So much of Springtime is about looking and moving forward. The very earth itself seems bursting with anticipation, and in fact a few green shoots that couldn't wait for proper warm weather have already sprung out and now stand trembling and shivering in the chilly wind in our yard. It is a time for growth, and change.
For me that change, and Spring itself, is psychologically punctuated by important anniversaries. In March, I celebrated the four year anniversary of my discharge from inpatient hospitalization and physical therapy. It wasn't the victorious homecoming I had envisioned, since I still couldn't walk, was still using a catheter and diapers, and required more care and assistance than I'd ever imagined needing prior to being, oh, say, about 100 years old. But it was a glorious homecoming all the same, because it marked the end of almost six months of emotionally devastating separation from my family, lack of privacy, dearth of dietary choices, and all the other trials of lengthy hospital stays.
March also brought the anniversary of my friendship with a dear, funny man who died much too soon of a disease that made us share many disability tribulations and humorous fiascos. Of the many legacies he left behind - like friends who only know each other because of him, precious memories, ongoing joke memes - the one I try hardest to honor is to find humor in things, to let myself laugh (especially at myself) and try to get others to join me, and to give myself permission to rage against the horror and frustration of all of this sometimes; to feel ALL the things that having cancer and disabilities makes me feel and really acknowledge them without shame the way my friend used to do, the way he taught me. Anger is okay. Joy is okay. Gratitude is okay. Outrage is okay. Depression is okay. Anxiety is okay. Crying is okay. Laughter is okay.

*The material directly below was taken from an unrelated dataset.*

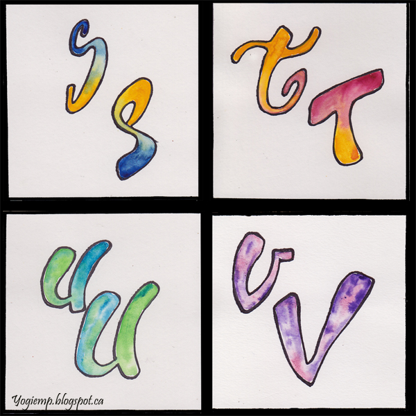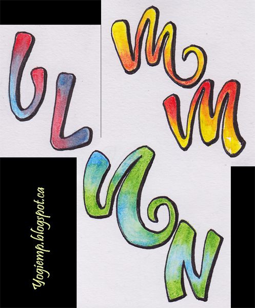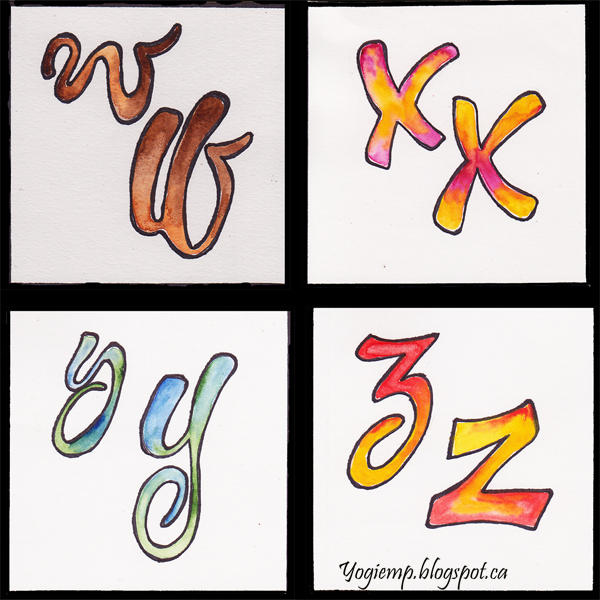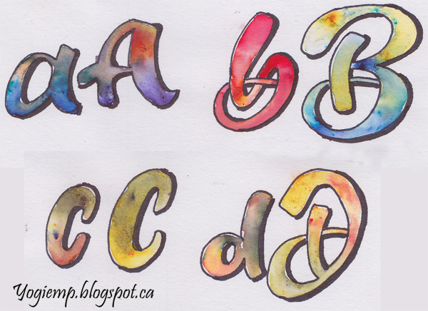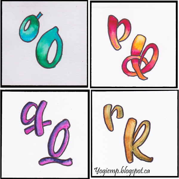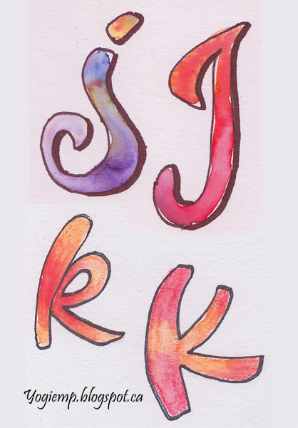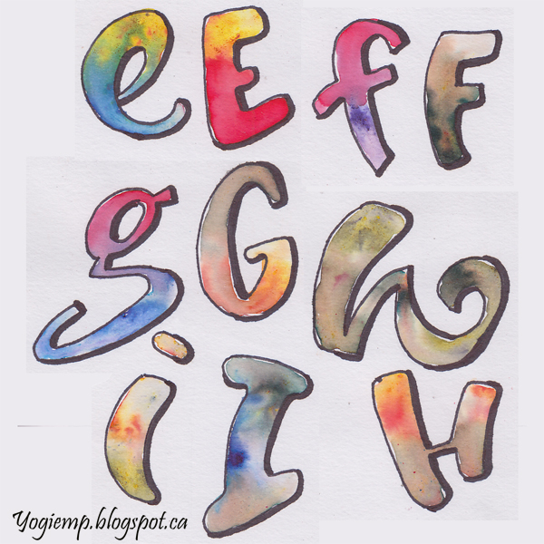 2023 I'm a follower of das.frollein.tina on Instagram and really like her take on an alphabet, so have been playing with it as well, more copying really. She's basically using w/c markers. Booklet bound. I used a very heavy misc white cardstock and adhered all my letters to both sides of the pages. I bound it using a Slip Knot technique with 4ply turquoise waxed linen thread. I drew and cut out the letters for the word "Funky" from a geli print I made, adhered to the cover and outlined with a Sharpie pen. Created a ribbon underneath the title for the word "LETTERS" For the 1st batch between "A and J" I used Brusho powders dropped into a water logged letter. On on Fabriano 1264 Mixed Media paper. I used a Sharpie pen for the shadow

Ever since I started going to counseling sessions with my onco-psychologist, I've resumed my old habit of journaling. Writing was a major factor in my first recovery from depression, almost twenty years ago, so I feel a lot of deja vu now when I sit in some public or private space and scribble in my little journal, simultaneously immersed in and separated from the scene surrounding me. Now, as then, the notes help me remember the moments that define each day, good or bad, that depression chemicals would try to erase from my mind shortly after they happen. When you have a great moment, depression makes you forget about it, makes it short-lived. When you have a terrible moment but you survive it and carry on with your day, depression makes you forget that you were strong and that you coped. But a journal remembers, so you can congratulate yourself later for those little victories, or allow yourself to acknowledge that something difficult was going on, that you felt pain or sadness or panic and that it was real and valid.
So even though it's Springtime and like everything else I want to move forward, it seems like the best way to do that is to go back, to the tools and the habits that worked before, like counseling and writing and sharing with others. To remember that I've beaten depression once, that anxiety is manageable, that my support network is strong and constantly present, and that I will see the other side of all of this eventually.